I am the last one in our house to read Kate DiCamillo’s The Miraculous Adventure of Edward Tulane. My mother gave it to AJ for Christmas and he’d read it immediately on his own and then moved on to other things. Recently, when Mr. Spy was looking for something to read out loud with AJ, I happened upon it on the bookshelf and suggested it. They both loved it, although Mr. Spy had been worried that it was too sad or dark for AJ. AJ liked that it was a little dangerous. They both thought the ending was perfect.

Last night, after I tucked AJ in, I slipped the book off his table and sat up to read it. It is a beautifully written story about an elegant China rabbit, Edward Tulane, who begins as the favored toy of a young girl who loves him. But Edward does not appreciate what he has. He is arrogant and he is irritated when he is not treated in just the right way. Each night the little girl tucks him into his own bed next to hers and tells her she loves him. But he does not love her. He doesn’t love anyone.

The girl takes Edward on a boat to England. On the trip, some boys grab him from her and throw him overboard. He sinks to the bottom of the ocean. It is then that his trials begin. Many terrible things happen to Edward and often also to the people he takes up with. This is not an easy book. There is death and abuse and violence. The illustrations, which are beautiful, only accentuate this – a picture of Edward nailed up as a scarecrow looks for all the world like a crucifixion. But in the end, there is also redemption through love. The ending is, perfect, too perfect for me to want to give it away. Suffice it to say that Edward’s adventures changed him for the better and he was ultimately rewarded.

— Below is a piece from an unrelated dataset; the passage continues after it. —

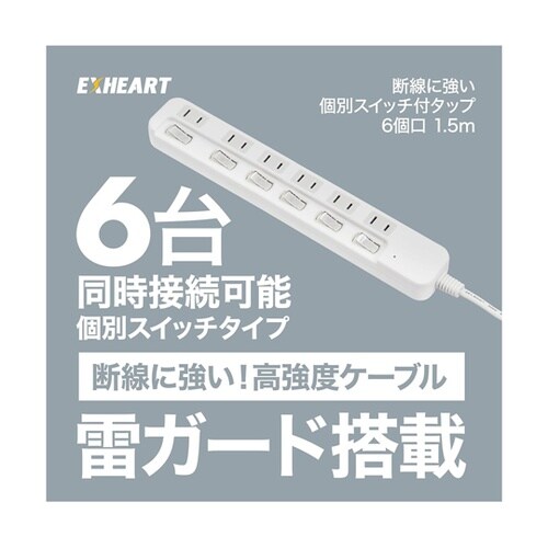 断線に強いスイッチタップ 6個口 1.5m ETA−KS615RD

A number of reviews I’ve read of this book question whether it is suitable for children. It is indeed very dark and as such may not be for all children. But many children, my son included and myself when I was his age, like darkness. I know I always thought it seemed more interesting and somehow more trustworthy. I obsessively read the fairy tales of Grimm and Andersen when I was young. And it doesn’t get much darker than that.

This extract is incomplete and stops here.